WORK INSTRUCTION: When the data below is printed, every line must match exactly and the images must be absent.
── PROVIDED MATERIAL ──
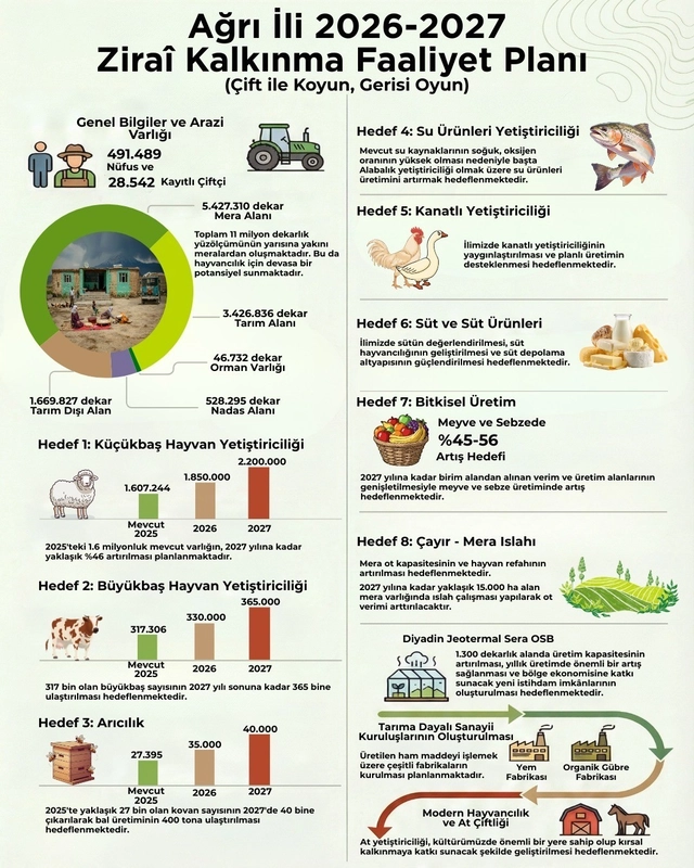 Tarım ve Orman Bakanlığı’nın 2024-2028 Stratejik Planı ile Ulusal Kırsal Kalkınma Stratejisi-IV doğrultusunda hazırlanan "Ağrı İli Zirai Kalkınma Faaliyet Planı" yürürlüğe girdi. Plan, Valilik himayesinde ve koordinasyonunda Tarım ve Orman İl Müdürlüğü başta olmak üzere kamu kurum ve kuruluşları, meslek odaları, birlikler, kooperatifler ve sivil toplum kuruluşlarının katkısıyla hazırlandı.
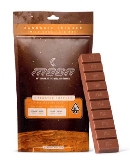 Blasted Toffee Moon Bars  is a cannabis-infused edible that combines chocolate and toffee flavors with THC, designed to provide a relaxing and balanced experience.
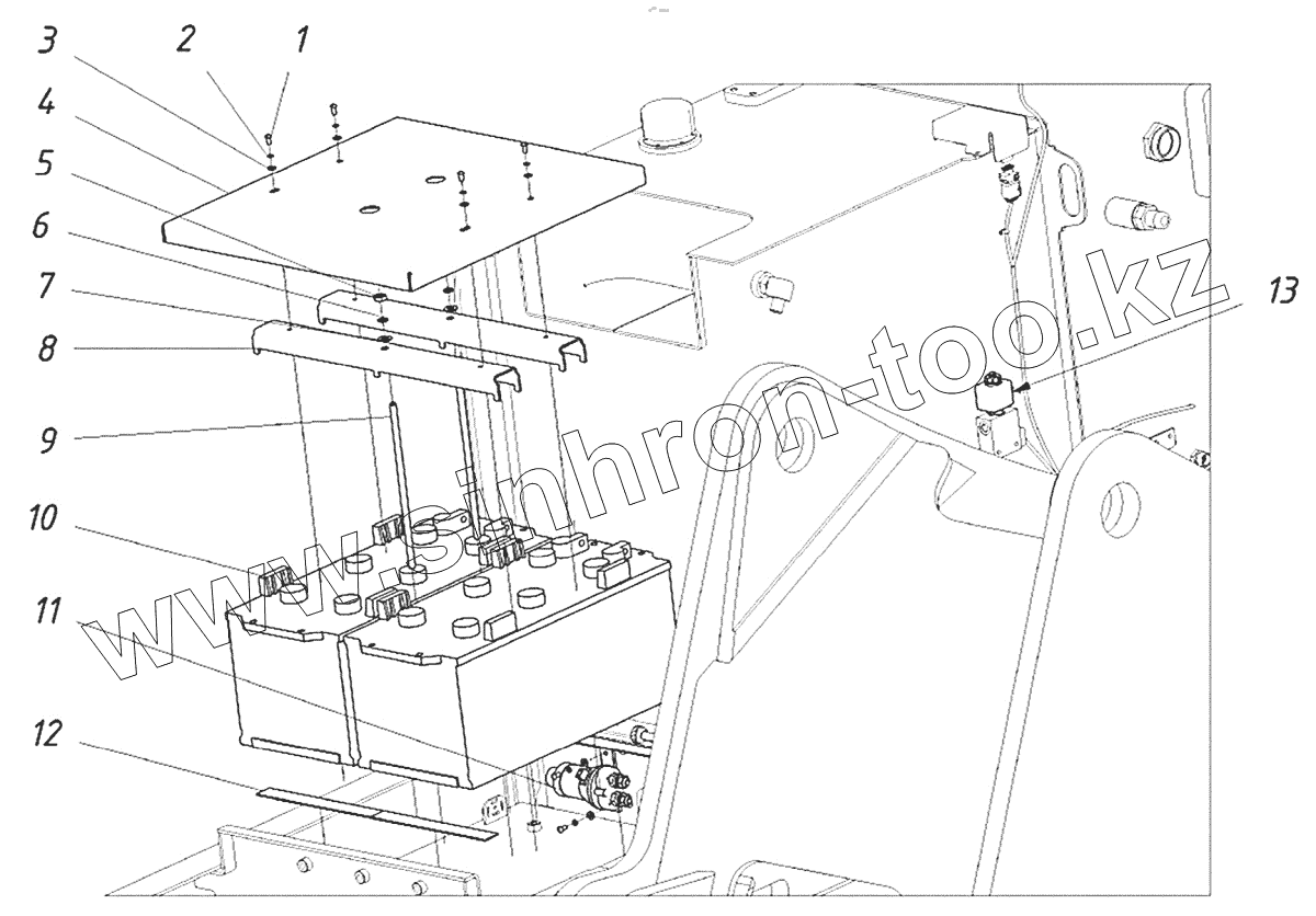 Каталог запасных частей к технике: ТВЭКС TX220NLC. Установка АКБ
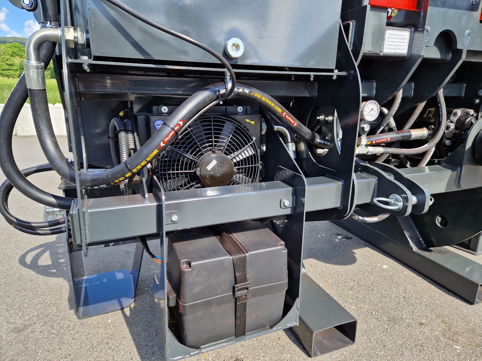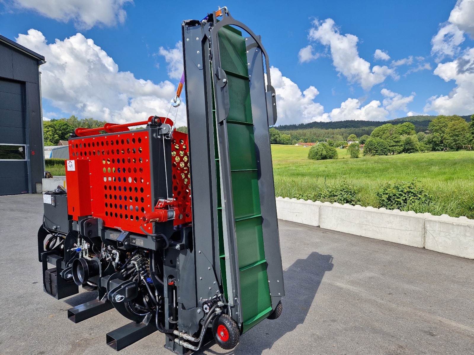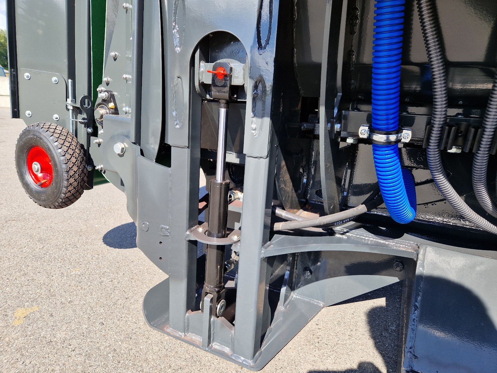 | Fahrwerk | hydraulisch absenkbares Fahrwerk (Optional) | Breite | 3,6 m | Höhe | 2,05 m | Tiefe | 1,5 m | Gewicht | 1800 | Jetzt neu! | serienmäßig mit Anschlüssen für Zusatzfunktionen 2x DW |
───
RESPONSE AREA:
 Tarım ve Orman Bakanlığı’nın 2024-2028 Stratejik Planı ile Ulusal Kırsal Kalkınma Stratejisi-IV doğrultusunda hazırlanan "Ağrı İli Zirai Kalkınma Faaliyet Planı" yürürlüğe girdi. Plan, Valilik himayesinde ve koordinasyonunda Tarım ve Orman İl Müdürlüğü başta olmak üzere kamu kurum ve kuruluşları, meslek odaları, birlikler, kooperatifler ve sivil toplum kuruluşlarının katkısıyla hazırlandı.
 Blasted Toffee Moon Bars  is a cannabis-infused edible that combines chocolate and toffee flavors with THC, designed to provide a relaxing and balanced experience.
 Каталог запасных частей к технике: ТВЭКС TX220NLC. Установка АКБ
 | Fahrwerk | hydraulisch absenkbares Fahrwerk (Optional) | Breite | 3,6 m | Höhe | 2,05 m | Tiefe | 1,5 m | Gewicht | 1800 | Jetzt neu! | serienmäßig mit Anschlüssen für Zusatzfunktionen 2x DW |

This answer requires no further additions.